= Maryam Mirzakhani Prize in Mathematics =

Biennial award

The Maryam Mirzakhani Prize in Mathematics (ex-NAS Award in Mathematics until 2012) is awarded by the U.S. National Academy of Sciences "for excellence of research in the mathematical sciences published within the past ten years."

The original prize was for $5,000 and was awarded every four years; this was suspended after 2012.

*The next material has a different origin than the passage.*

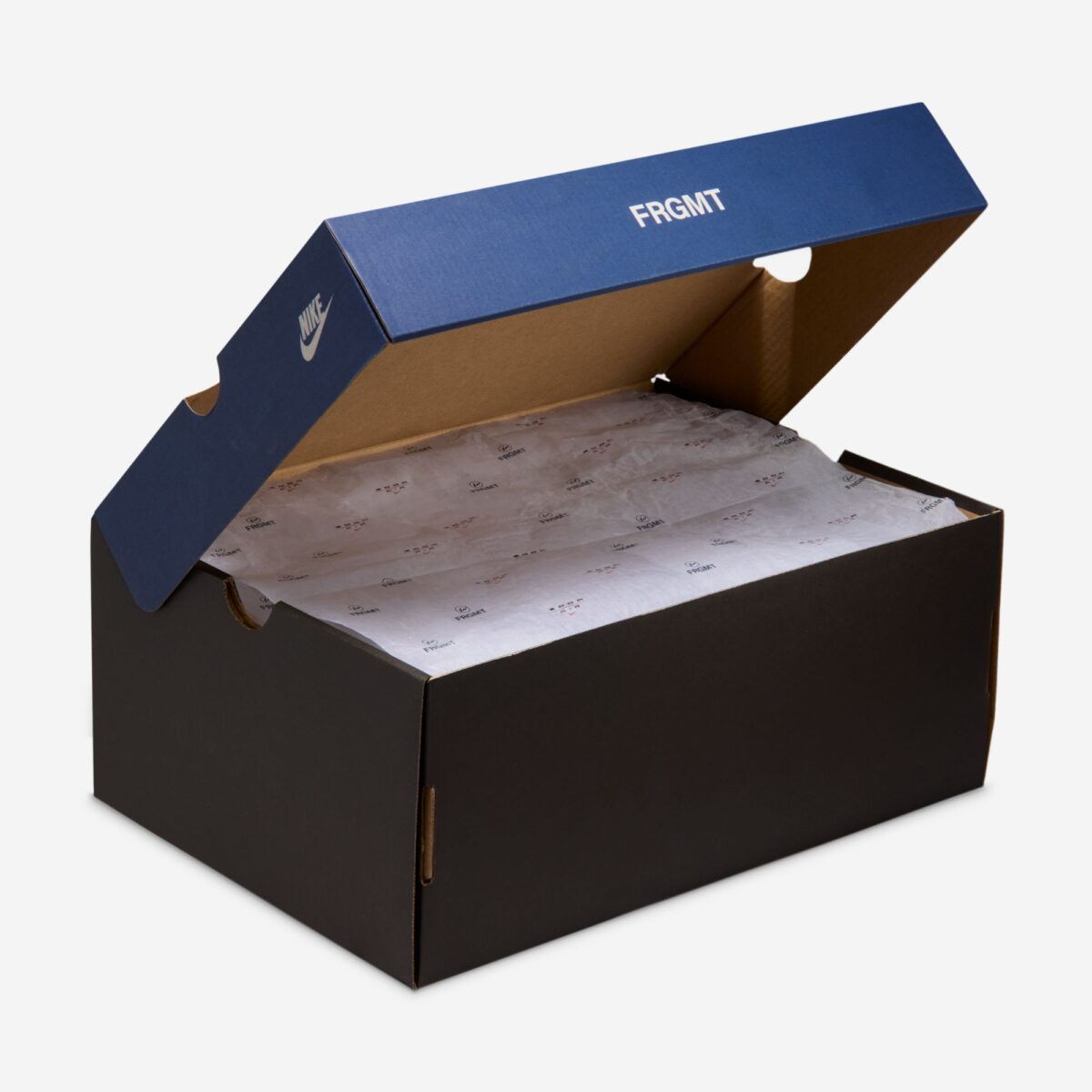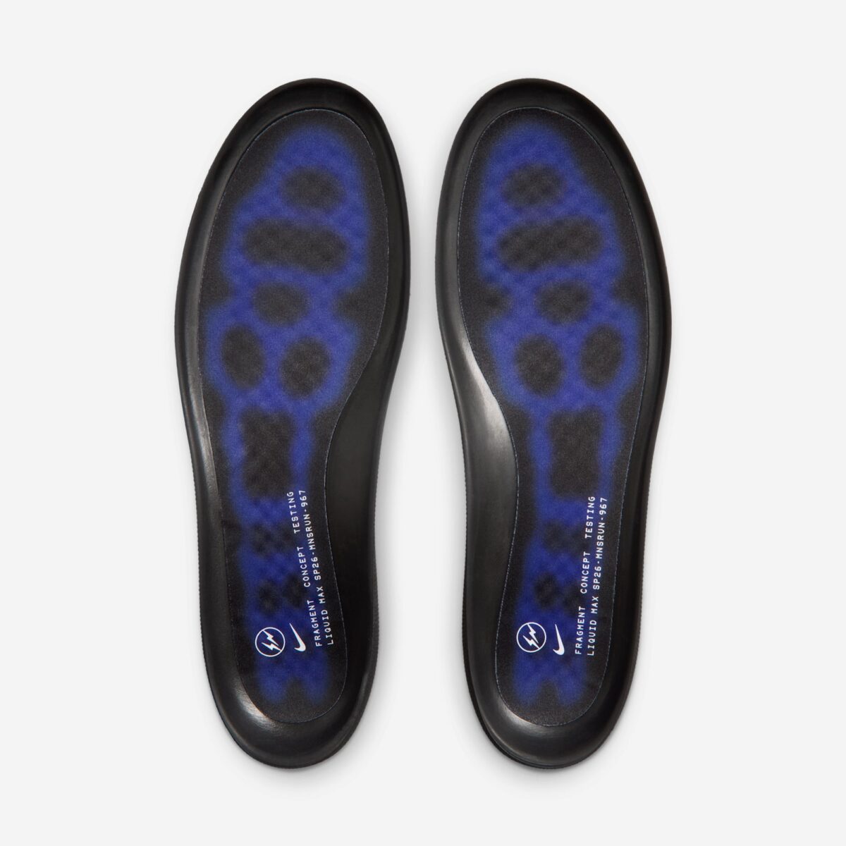 Несмотря на общую монохромную палитру, модель наполнена уникальными акцентами. На боковых панелях, подошве и стельках нанесен индустриальный текст «fragment concept testing». Традиционный для Фудзивары королевско-синий цвет скрыт внутри на стельке и язычке, а хромированные логотипы Swoosh добавляют модели премиальный лоск. Дополнительный комфорт обеспечивает внутренняя промежуточная подошва из пены Cushlon.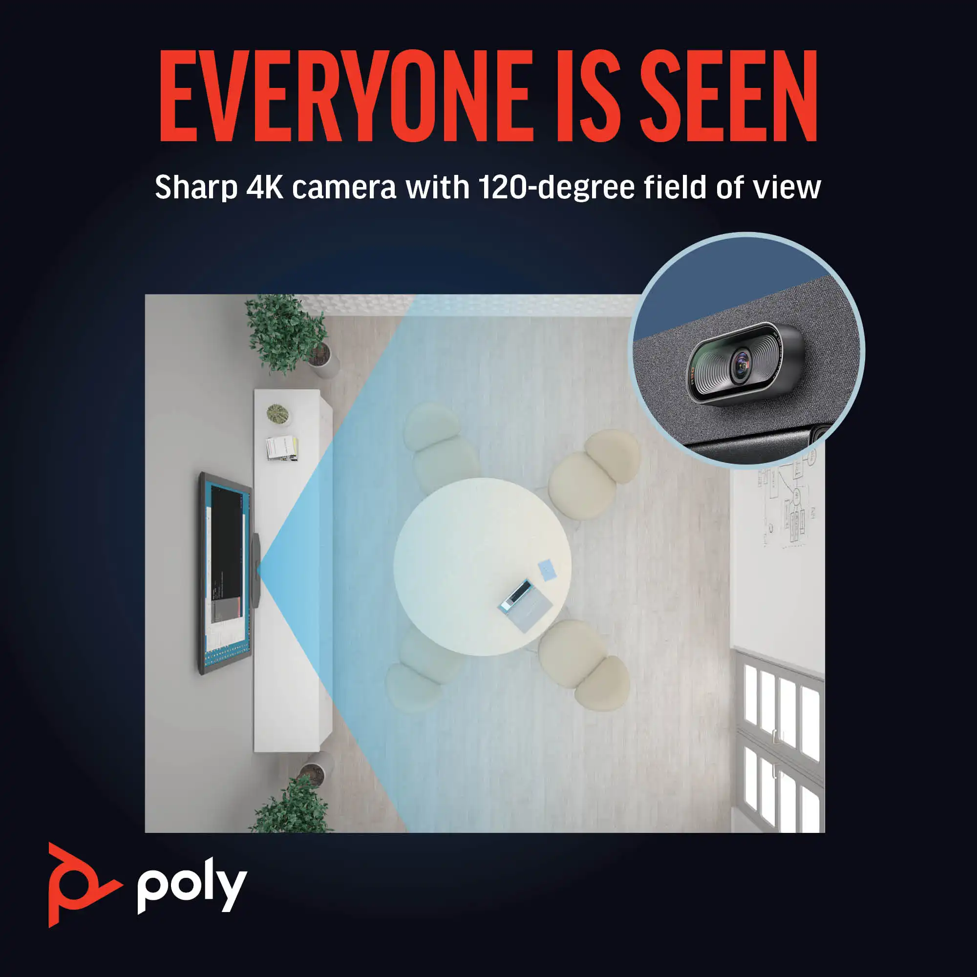 4K UHD 攝影機 + AI 智慧取景,確保遠端協作更高效。

In 2018, the prize was renamed after the Iranian mathematician Maryam Mirzakhani; the prize money was increased to $20,000 and was to be awarded every two years.

==Award winners ==
Source:
- 2026: Roman Bezrukavnikov "for varied and profound contributions to geometric representation theory."
- 2024: Sylvia Serfaty "for outstanding contributions to nonlinear partial differential equations and statistical physics."
- 2022: Camillo De Lellis "for his fundamental contributions to the study of dissipative solutions to the incompressible Euler equations and to the regularity theory of minimal surfaces."
- 2020: Larry Guth "for developing surprising, original, and deep connections between geometry, analysis, topology, and combinatorics, which have led to the solution of, or major advances on, many outstanding problems in these fields."
- 2012: Michael J. Hopkins "For his leading role in the development of homotopy theory, which has both reinvigorated algebraic topology as a central field in mathematics and led to the resolution of the Kervaire invariant problem for framed manifolds."
- 2008: Clifford H. Taubes "For groundbreaking work relating to Seiberg-Witten and Gromov-Witten invariants of symplectic 4-manifolds, and his proof of Weinstein conjecture for all contact 3-manifolds."
- 2004: Dan-Virgil Voiculescu "For the theory of free probability, in particular, using random matrices and a new concept of entropy to solve several hitherto intractable problems in von Neumann algebras."
- 2000: Ingrid Daubechies "For fundamental discoveries on wavelets and wavelet expansions and for her role in making wavelet methods a practical basic tool of applied mathematics."
- 1996: Andrew J. Wiles "For his proof of Fermat's Last Theorem by discovering a beautiful strategy to establish a major portion of the Shimura-Taniyama conjecture, and for his courage and technical power in bringing his idea to completion."
- 1992: Robert MacPherson "For his role in the introduction and application of radically new approaches to the topology of singular spaces, including characteristics classes, intersection homology, perverse sheaves, and stratified Morse theory."
- 1988: Robert P. Langlands "For his extraordinary vision, which has brought the theory of group representations into a revolutionary new relationship with the theory of automorphic forms and number theory."